On October 7, the U.S. House of Representatives voted overwhelmingly to repeal a 40-year-old ban on exports of domestic crude oil to foreign countries. Two Senate subcommittees also support the repeal, and the full Senate will likely vote shortly. The Obama administration has threatened to veto the repeal, but that has only made it a hot issue in the 2016 presidential campaign. Republican presidential candidates Jeb Bush and Marco Rubio favor repealing the ban; Democratic candidate Hillary Clinton opposes it.
Why is Washington suddenly debating the ban? For 40 years, ending the injunction was, in the words of Jason Bordoff, a former energy adviser to U.S. President Barack Obama, “unthinkable.” When it was put in place in 1975, following the Arab oil embargo and the soaring oil prices of 1973 and 1974, politicians in both parties viewed it as essential to the national interest and a cornerstone of U.S. energy policy.
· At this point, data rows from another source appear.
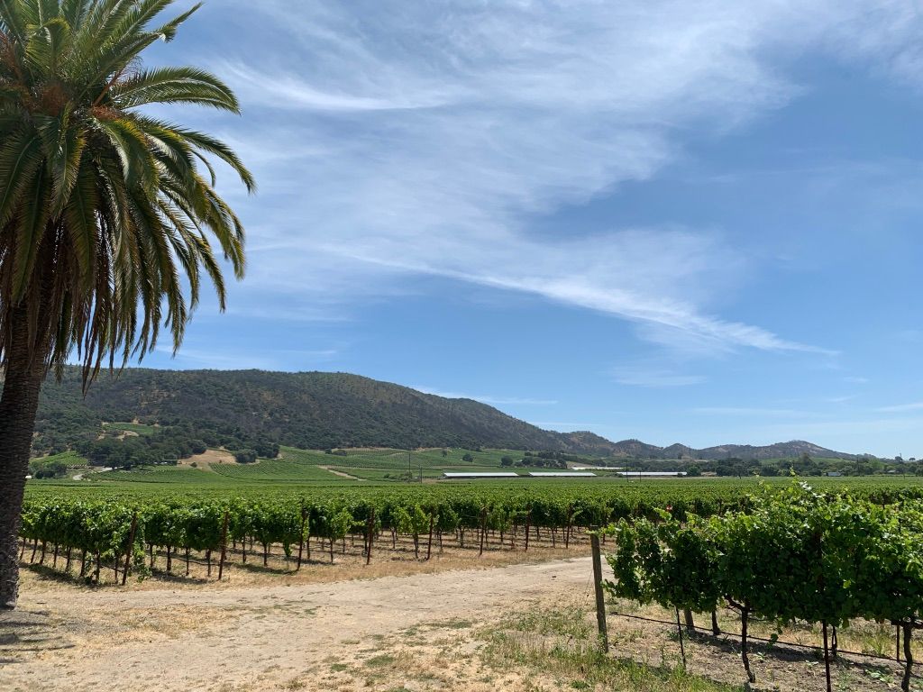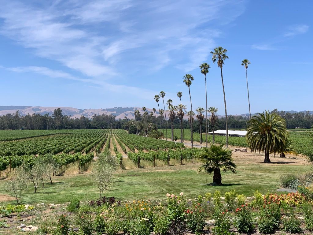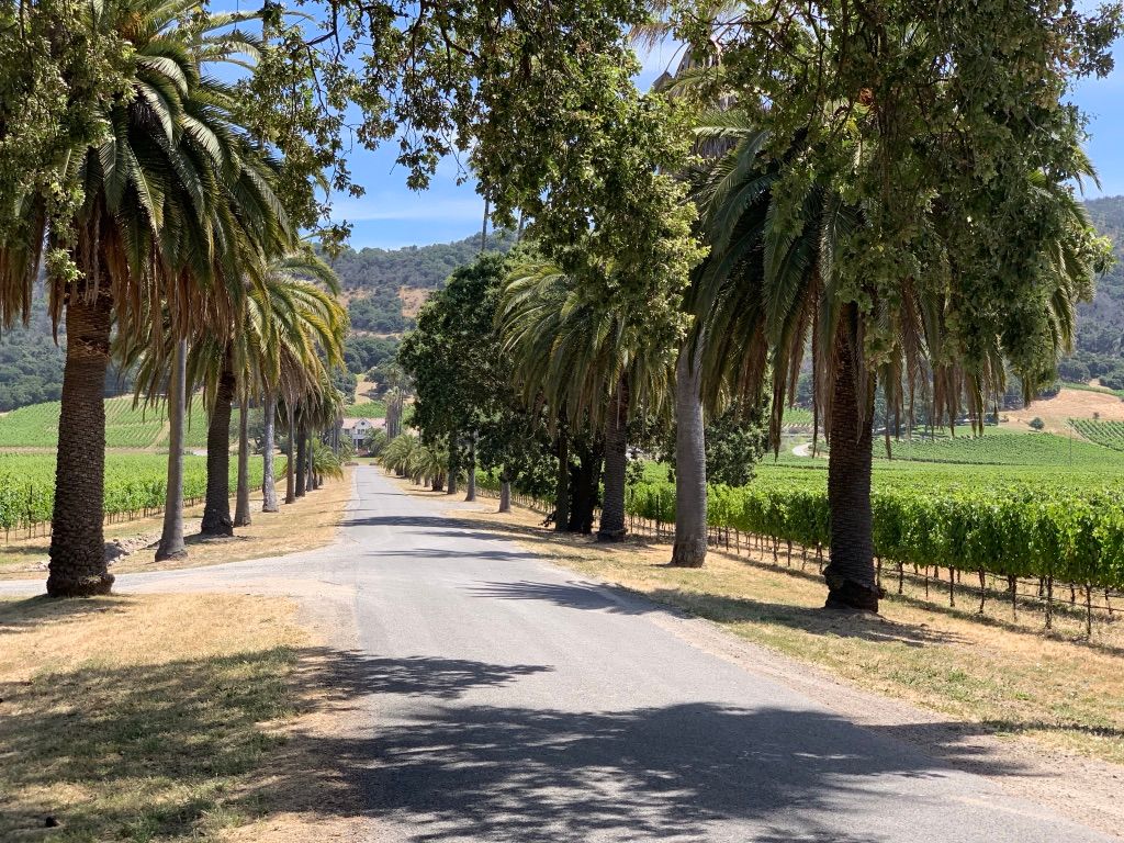 As we turn onto Scribe's long driveway, we know this is going to be a different kind of tasting. Palm trees line both sides of the driveway, and I almost feel like we're going back in time. The winery itself looks like an old Spanish home. I can't get over how beautiful it is.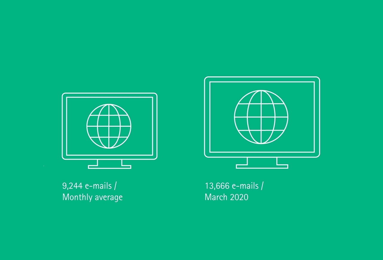 In B. Braun, il maggior numero possibile di dipendenti lavora anche da casa per prevenire infezioni in azienda. In sole due settimane, ogni sede in tutto il mondo passa alle videoconferenze.Questa è una situazione nuova per molti dipendenti e una sorta di banco di prova, con i colleghi che devono affrontare un’ondata di richieste da parte dei clienti mentre lavorano da casa. Ecco cosa è successo presso la sede in Brasile: A marzo, B. Braun ha ricevuto oltre 13.000 e-mail proprio in questa sede, con un aumento di quasi il 50%. Tuttavia, bisogna fare tutto il possibile per rimanere in contatto con clienti e partner durante la pandemia, perché la comunicazione è tutto in una pandemia. Il reparto Comunicazione risponde a questa situazione con l'hashtag "#wearebusy—because our customers are". In una campagna su larga scala, i dipendenti riferiscono delle loro nuove routine lavorative quotidiane da casa.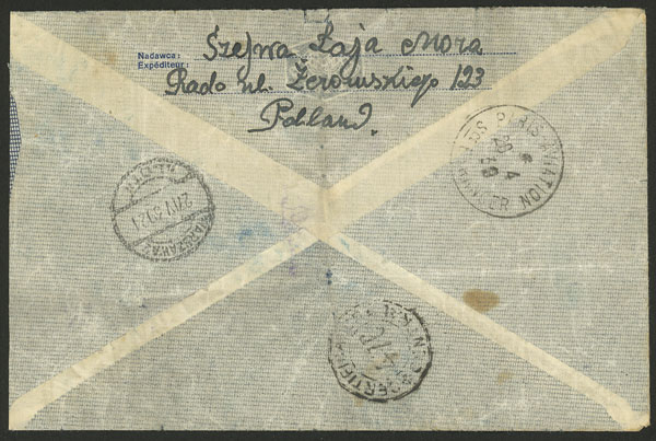 27/AP/1939 Radom - Argentina, airmail stationery envelope of 55gr. + 3.75Zl. (total postage 4.30Zl.) sent by registered mail by Air France (on back there is a transit mark of Paris el 28/AP), very attractive! (Image) (Image-02)

Technically, the ban only requires crude exports to be licensed; licenses are routinely granted for exports to Canada but almost never for other markets.
The New York Times suggests that the reason for the renewed focus is simple: oil prices have fallen. Oil companies, seeing their profits shrink, are pushing for access to overseas markets. But if falling oil prices were all it took, why didn’t politicians push for the repeal at other times when oil prices declined steeply, such as in the mid-1980s or the late 1990s?
In reality, the current debate results from three factors. First, oil companies needed a reason to oppose the ban. They didn’t have one so long as the price of oil in the United States was close to the world price. There was always more than enough domestic demand for U.S.-produced oil because the country consumes far more than it produces (and imports the rest). As long as the U.S. price was roughly equal to the world price, high or low, it didn’t really matter where the U.S.